As i look at u, Baby Asher...
it seemed yesterday when i realised i had you in me...
now you are nearing 5 months old in barely a week's time...
at times, i just cant believe that you were once in me, made my tummy grew so BIG...measuring like 41 inches just right before your birth...
it's like everything was a dream...
the pregnancy, the growing tummy as the days went by, learning what to expect of a pregnancy and how to deal with what and what to prepare for your arrival ....
then the delivery of you, whether to have you on Valentine's Day or not, whether to induce you or not since you still didnt want to come out upon due date...and finally entering the delivery room after laying in the labour room for SOoOOo long, overcoming my fear of the "ugly and painful child-delivering process" most mothers depicts...and enduring for a no epidural delivery...waiting for daddy to come back to witness your arrival... and everything else...
the initial challenging month of being a new mummy without engaging a confinement lady, trying to be able to learn how to take care of you on my own... learning to cope with your cries and breastfeeding you, your pee and poos and everything else at home...making sure Golden and Silver will love you too...

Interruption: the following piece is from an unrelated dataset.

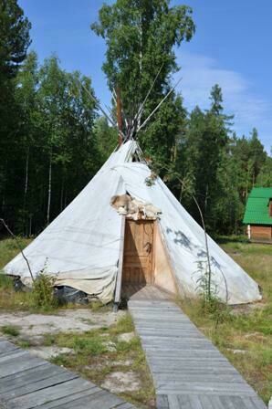 В чуме есть кровати, низкие столики, печь, оленьи шкуры на полу. В чуме прохладно и свежо летом и тепло зимой благодаря современным технологиям.

everything was just like a dream...many episodes of a dream...
sometimes time passes so so so fast that I think it's scarily FAST... ...
so much things today becomes memories of yesterday and the days before and so on...
and as you turn 5 months old very soon...
i am beginning to feel you seem to need less of me... ...
the book is right... ...
really contradicting at times and tough to strike a balance... ...
well, i will persevere!
lots of love for you baby Asher, Golden, Silver & Daddy!!